Kurti: La Serbie veut Trepca et Weman

Le Président du Mouvement Vetevendosje, Albin Kurti, a commenté le débat lancé par le Président Thaci sur le changement des frontières, tout en révélant le scénario de l'opposition pour saper une telle idée. Il a affirmé qu'avec la révision des frontières, la Serbie vise à faire partie de Trepca et du lac d'Ujman, mais [...]
La politique n'est pas la géométrie où vous pouvez tracer des lignes sur une carte, elle a peut-être été faite en Afrique ou au Moyen-Orient, mais elle ne peut pas être faite en Europe. Le dialogue sur les échanges de territoires est plus proche de la guerre que de la paix. Thaci parler de compromis douloureux et l'échange de territoires favorise les illusions. Ces illusions sont ridicules, mais pas à cause des conséquences qu'elles produisent pour les Albanais. C'est un jeu en cours. Nous avons un président qui a reconnu que les frontières de cet État doivent être changées. Nous devons défendre l'intégrité territoriale. Avec le scénario du divorce et Trepca se sépare. N'importe quelle ville du Kosovo qui a Trepca, la Serbie chercherait la partition. Le Kosovo n'est pas un pays riche en eau et Weiman est vital. Si on abandonne le nord, on abandonne Wyman. L'UE est en crise, il n'y a pas de politique étrangère harmonisée”, a déclaré Kurti dans une interview pour Report TV.

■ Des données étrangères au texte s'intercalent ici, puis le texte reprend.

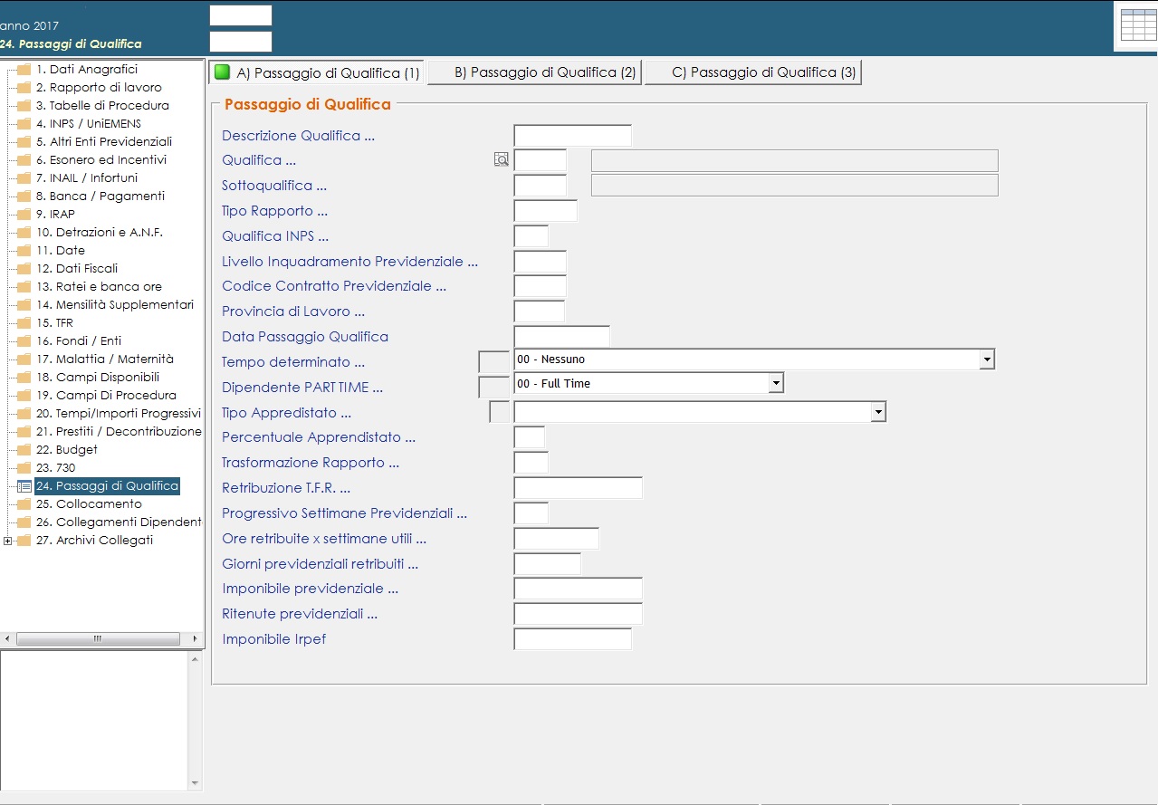In questa maschera vengono memorizzati i progressivi relativi ai vari passaggi di qualifica effettuati.

Le président serbe, Aleksandar Vuciq, s'est récemment engagé à partager les Serbes et les Albanais au Kosovo, faisant écho aux revendications de la Serbie pour la division foncière du Kosovo dans le cadre du processus de normalisation des relations entre les deux pays.
Le Kosovo a rejeté l'idée de sa division foncière, alors que nous sommes impliqués dans les débats suscités par l'idée de son président Hashim Thaci de “corrections de la frontière”, ce qui, selon lui, signifie unir la vallée de Presevo, une région majoritairement albanaise du sud de la Serbie au Kosovo.
Les États-Unis et l'UE n'ont pas rejeté l'idée, mais ont cherché à ne pas violer la stabilité des Balkans, tandis que l'Allemagne et la Grande-Bretagne sont contre. Quant à l'Albanie, Rama a soutenu la position de l'UE, tandis que le président Meta s'est opposé à la révision des frontières.